Memo to Madison Avenue: Targeted Advertising Is Still Advertising


incremental changeIn the 1950s and 60s, as transcontinental commercial aviation began to take off, the shipping companies that dominated travel between continents launched some of the biggest and fastest ocean liners ever.

Of course, bigger and faster didn't save the industry. The market wasn't looking for a better ocean liner, it was looking for a better way to travel. Speed and size were incremental responses to disruptive changes.

Today, there's a similar story unfolding in the marketing world.

Just as jet engines developed during World War II changed the travel industry, web applications that make content creation and sharing simple are changing the marketing industry.

Small and large businesses in every industry are discovering a series of reasons why content-based inbound marketing is a more effective way to generate sales than traditional advertising:

  • Advertising is product driven; inbound marketing is consumer driven.
  • Money is the critical factor in advertising; creativity is the critical factor in inbound marketing.
  • Advertising produces brow-beaten customers; inbound marketing produces passionate customers.
  • Advertising leaves wasted time in its wake; inbound marketing leave quality content in its wake.
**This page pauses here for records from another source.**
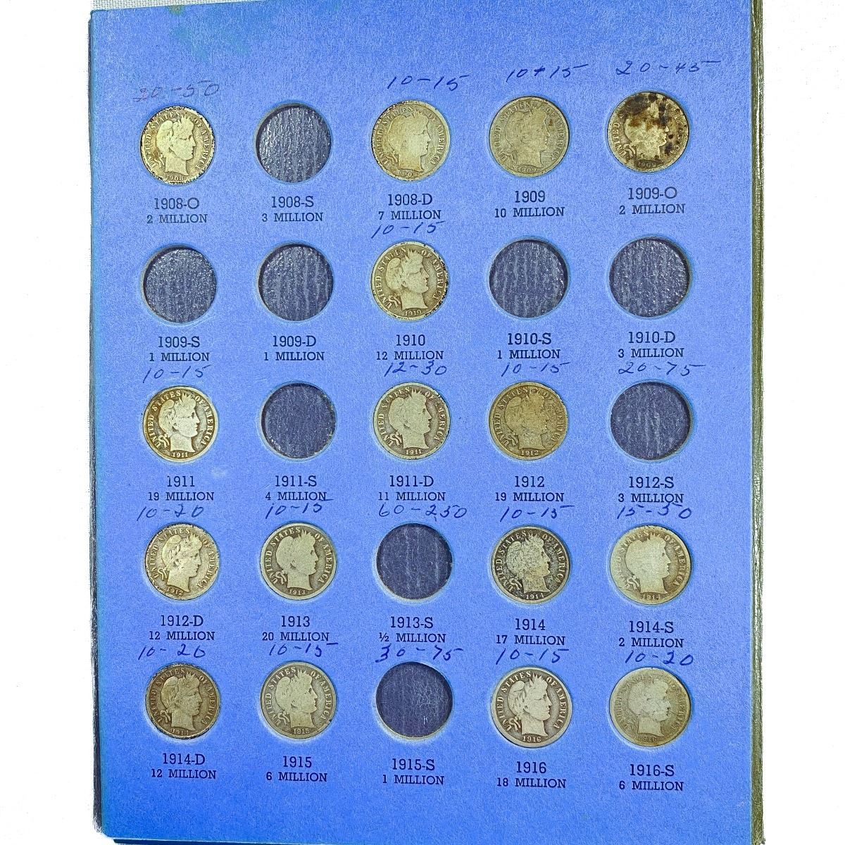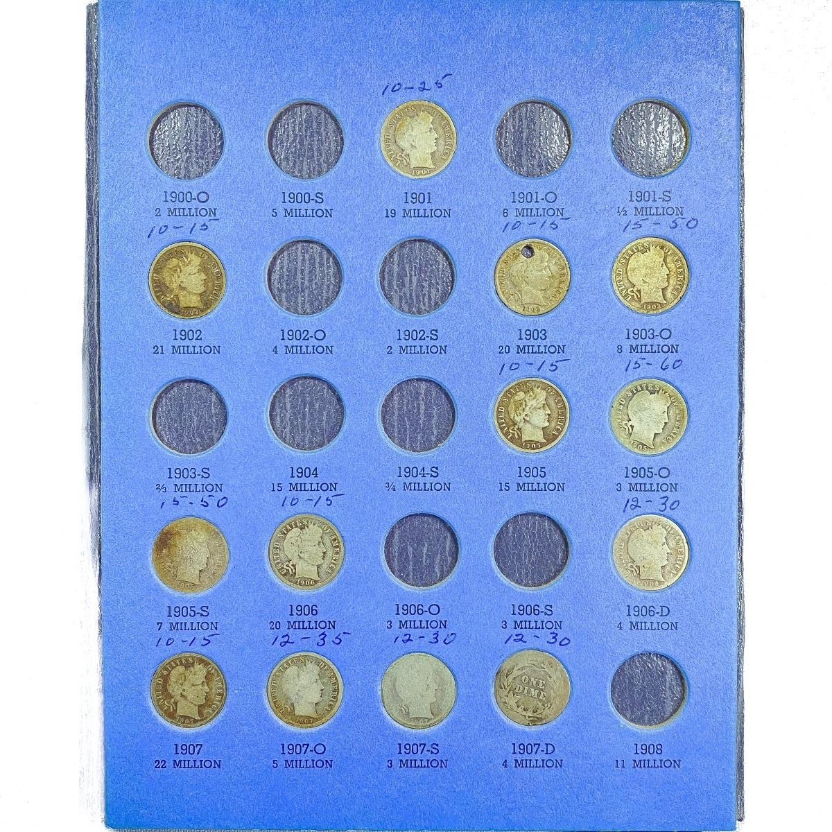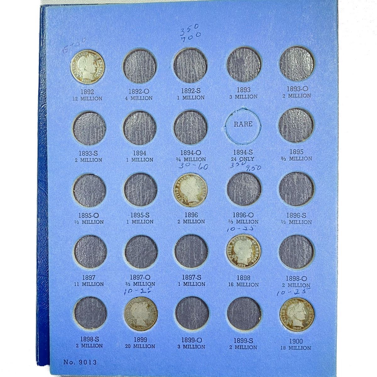 1892-1916 Barber Dime Book (34 Coins)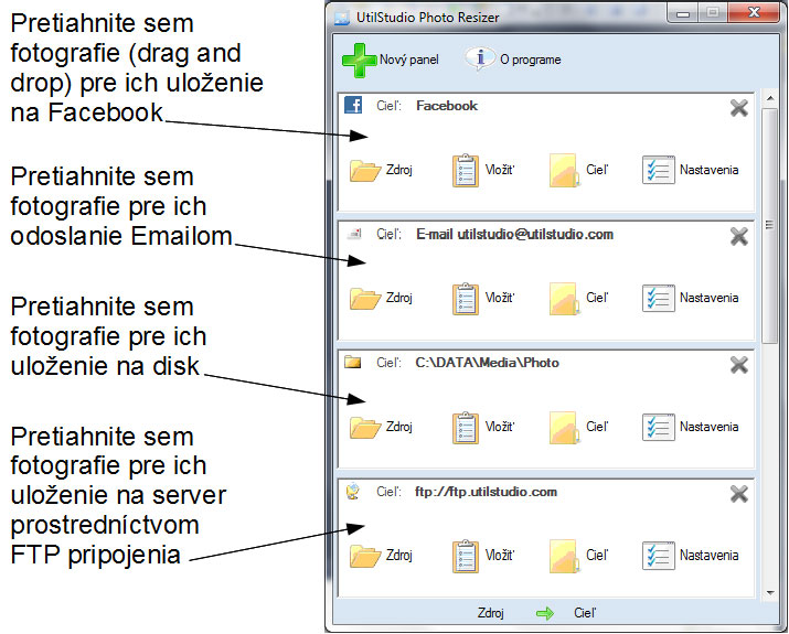The UtilStudio Photo Resizer program can perform a bulk change of images (photos) and save them to one of the selected targets: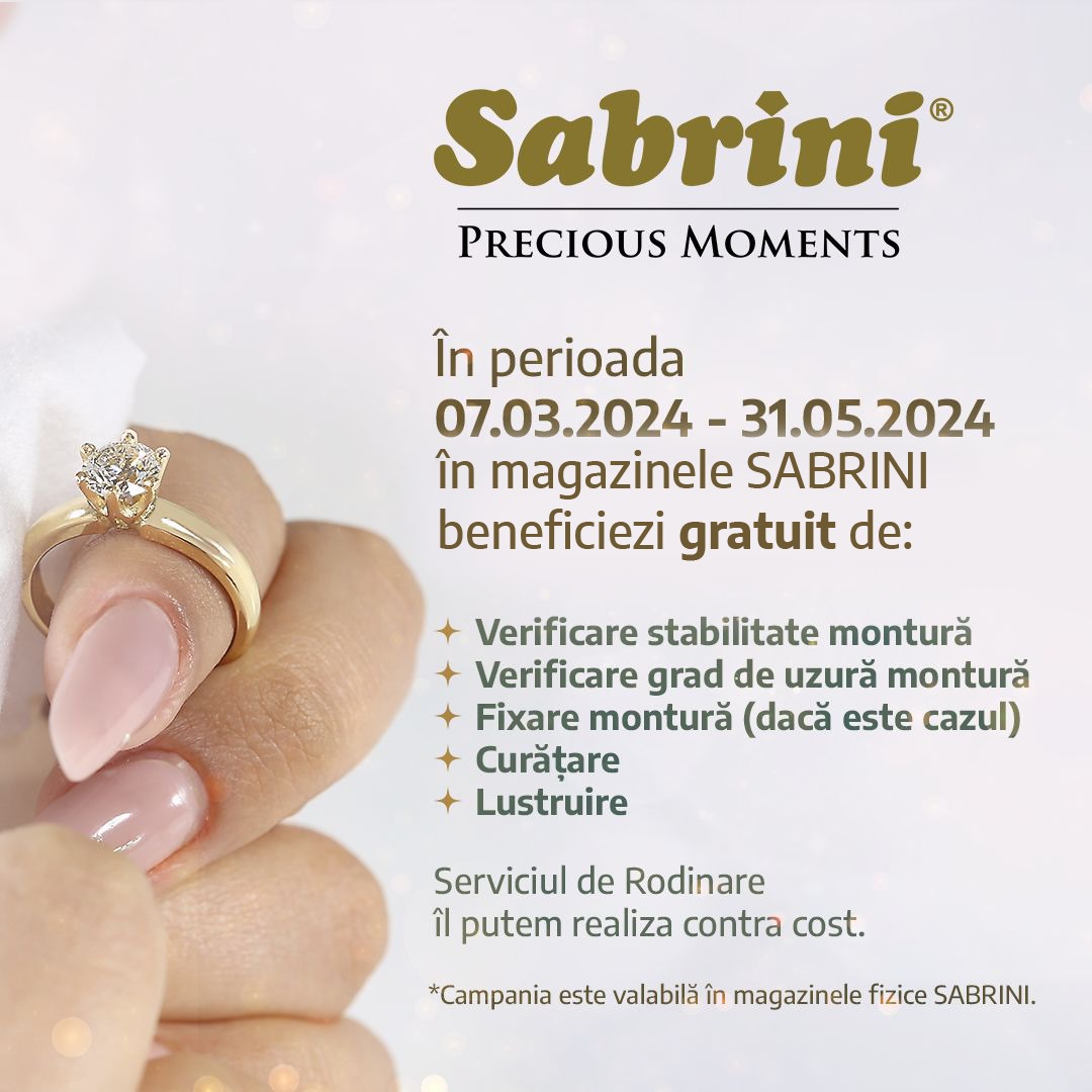 Fie că este vorba de un inel din aur cu Diamant natural, de o pereche de cercei cu Safire sau de o brățară tennis cu pietre prețioase, orice femeie are o relaţie specială cu bijuteriile sale, pentru că acestea sunt parte din „bagajul” prin care îşi exprimă stilul, personalitatea, preferinţele. De multe ori, purtăm cu mare grijă bijuteriile şi ştim că, pentru a-şi păstra frumuseţea şi strălucirea, este nevoie ca, periodic, acestea să beneficieze de întreţinere şi cosmetizare profesională. Până în 31 mai 2024, SABRINI oferă servicii profesionale gratuite de verificare stabilitate montură, verificare grad de uzură montură, fixare montură, curățare și lustruire a bijuteriilor cu diamante si pietre prețioase.

You wouldn't know this change is taking place if you spoke with the folks who have most embodied marketing for the last 50 years -- the advertising industry.

As The New York Times reported this weekend, the leading lights of the advertising industry are focused on using data and tracking technology to improve the effectiveness of advertising units.

"Major advertising holding companies like WPP, the Publicis Groupe, Havas, MDC Partners and the Interpublic Group are starting data practices, hoping to latch onto what is expected to be the fastest-growing category of online advertising in the next five years," The Times' Stephanie Clifford wrote.

Data and targeting. Sounds great. There's just one problem: Like faster ocean liners, it's an incremental response to a disruptive change.

Certainly targeted advertising is better than advertising that is not. And certainly forms of it will persists the same way ocean liners persist today in the form of cruise ships.

But businesses are not seeking better advertising -- they're seeking better ways to market. Today that need is most efficiently met with content that acts like a magnet for customers, not advertising that acts like a sledge hammer, beating them over the head with a message.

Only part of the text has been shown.